Linux 2.6/3.0 Changes

This was written by Chris Verges, David Shea and given on Wed Apr 02 2003.

Table of Contents


1. Introduction

Linux was written back in the 90s by Linus Torvalds. It aimed to be a POSIX compliant clone for the x86 machines, but has grown into the friendly penguin OS we all know and love. "Linux" actually refers to the kernel of the operating system.

Definition: kernel
\Ker'nel\, n. (1) the inner and usually edible part of a seed or grain or nut or fruit stone; (2) the choicest or most essential or most vital part of some idea or experience; (3) (operating system) the essential part of Unix or other operating systems, responsible for resource allocation, low-level hardware interfaces, security, etc.
http://dictionary.reference.co

When dealing with the Linux kernel, there are two categories one generally falls into: stable and unstable. Stable kernels, meaning they have been tested extensively and are the production version, have an even minor number. Unstable versions have an odd minor number.

Kernel versioning schema:
   x.y.z                  2.4.21 (Stable)
   ^ ^ ^                  2.5.66 (Unstable)
   | | |                  2.6.1  (Stable)
   | | --- release number
   | | --- minor version
   | ----- major version

As a rule, NEW USERS SHOULD NOT MESS WITH UNSTABLE KERNELS! :) However, if you feel adventurous and have wonderful backups/don't care about your data, go for it. The official kernel website can be found at http://www.kernel.org/ . If you don't feel like waiting, point your browser to http://www.kernel.org/pub/linu for a full listing of kernel-related source. This archive contains everything from the original 1.0 kernel up to the latest unstable release, including some obscure patches perhaps not found elsewhere.

2. Installing 2.5

The latest unstable kernel as of this writing is 2.5.66. Soon (e.g. within my lifetime) the unstable branch will be locked, accepting no further changes, and release candidate testing will begin. Since some things have already been unofficially locked, we can start discussing those. One of these is the install methodology.
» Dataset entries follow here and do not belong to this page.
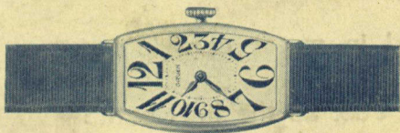
This new Rectangular ribbon wrist watch will be the choice of hundreds of discriminating women. Its simplicity but adds to its beauty. And its dependability is assured by its movement—made by the Gruen Watchmakers Guild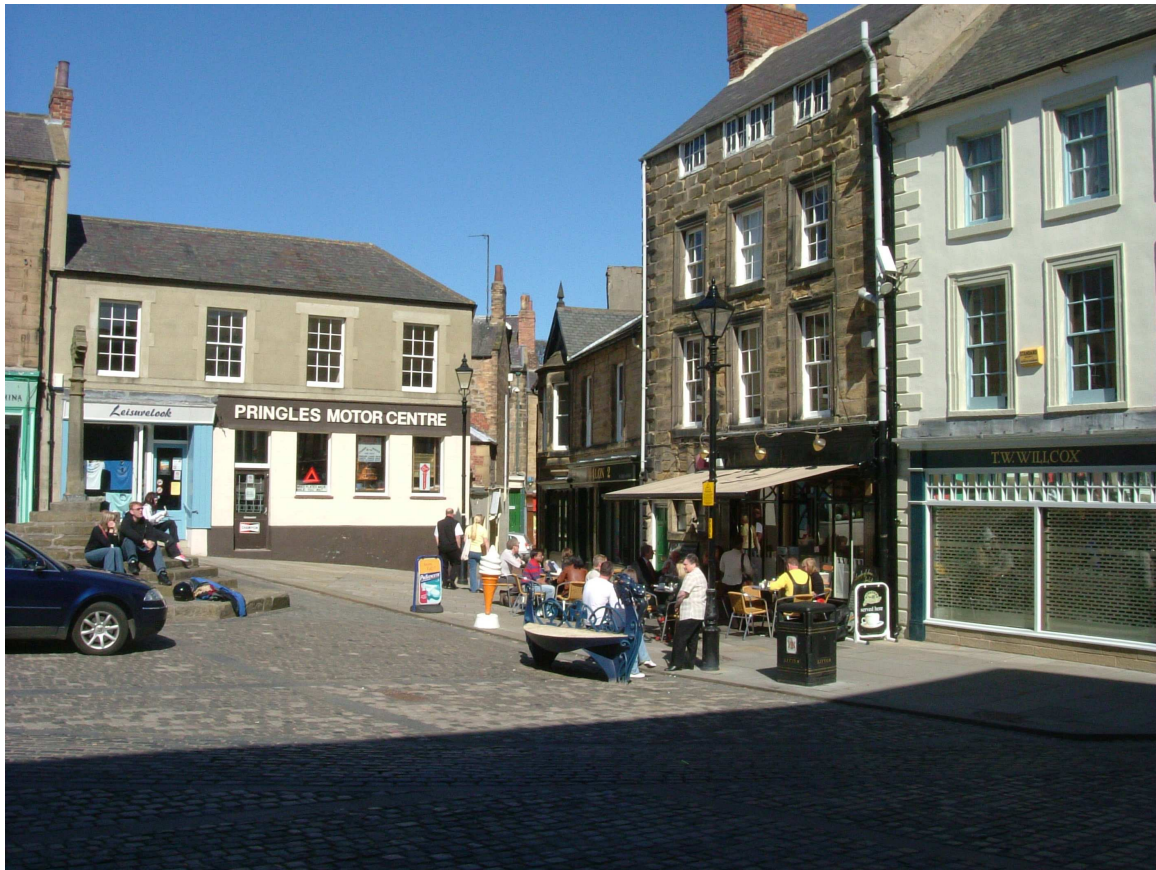
Market Place, Alwick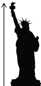
Statue of Liberty 8 times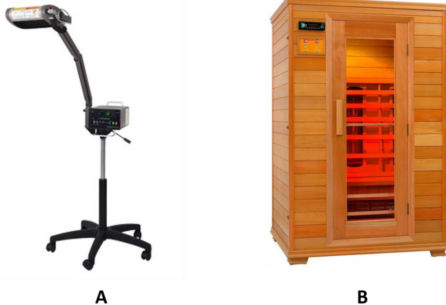
Figure 1 (A) Far Infra-Red (FIR) ray device. (B) FIR suna.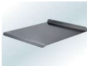
Lift Plate Copier (LPA-1+LPA2)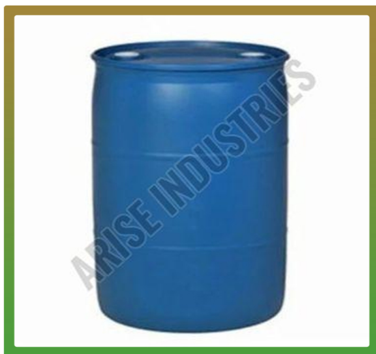
Puff Panel Solvent Based Release Agent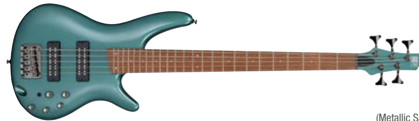
MSG (Metallic Sage Green)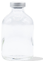
SEV50 50 cc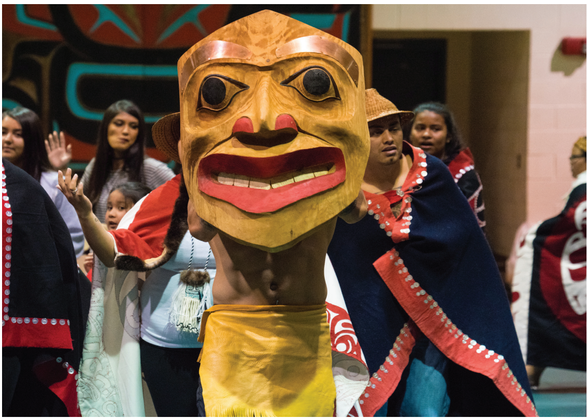
(Top) A group of students tour a biomass greenhouse in Kasaan. (Bottom) A dancer at the Hydaburg Culture Camp performs wearing a large wooden mask.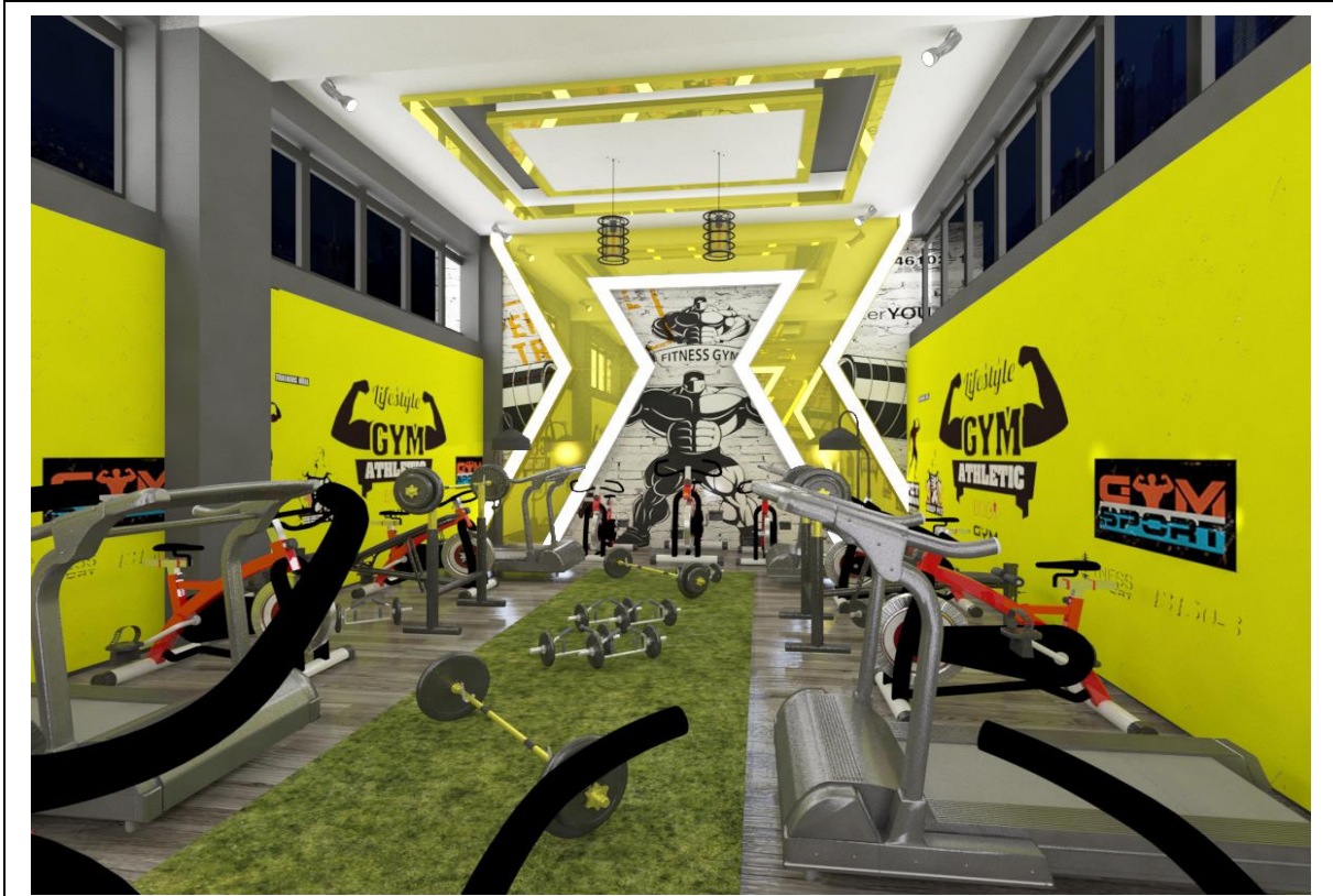
A figure showing the first gym proposal

From kernel 2.2, the install script has been:

make mrproper
make menuconfig       > --- choose the options you want
make dep              > --- figure out all dependencies
make bzImage          > --- make the kernel proper
make modules          > --- compile the modules
make modules_install  > --- install the modules

Starting with 2.5, the script has been significantly cut back:

make menuconfig
make

By default 'make' will create the kernel proper for your architecture and compile/install all modules. It supports -jN for parallel make operation (running more than one copy of make at the same time). For the kernel hackers out there, the make script also will compile individual files by typing 'make filename '. For the graphically inclined, 'make xconfig' can replace 'make menuconfig', using the latest in qt graphic components. (It is slow, but bearable.)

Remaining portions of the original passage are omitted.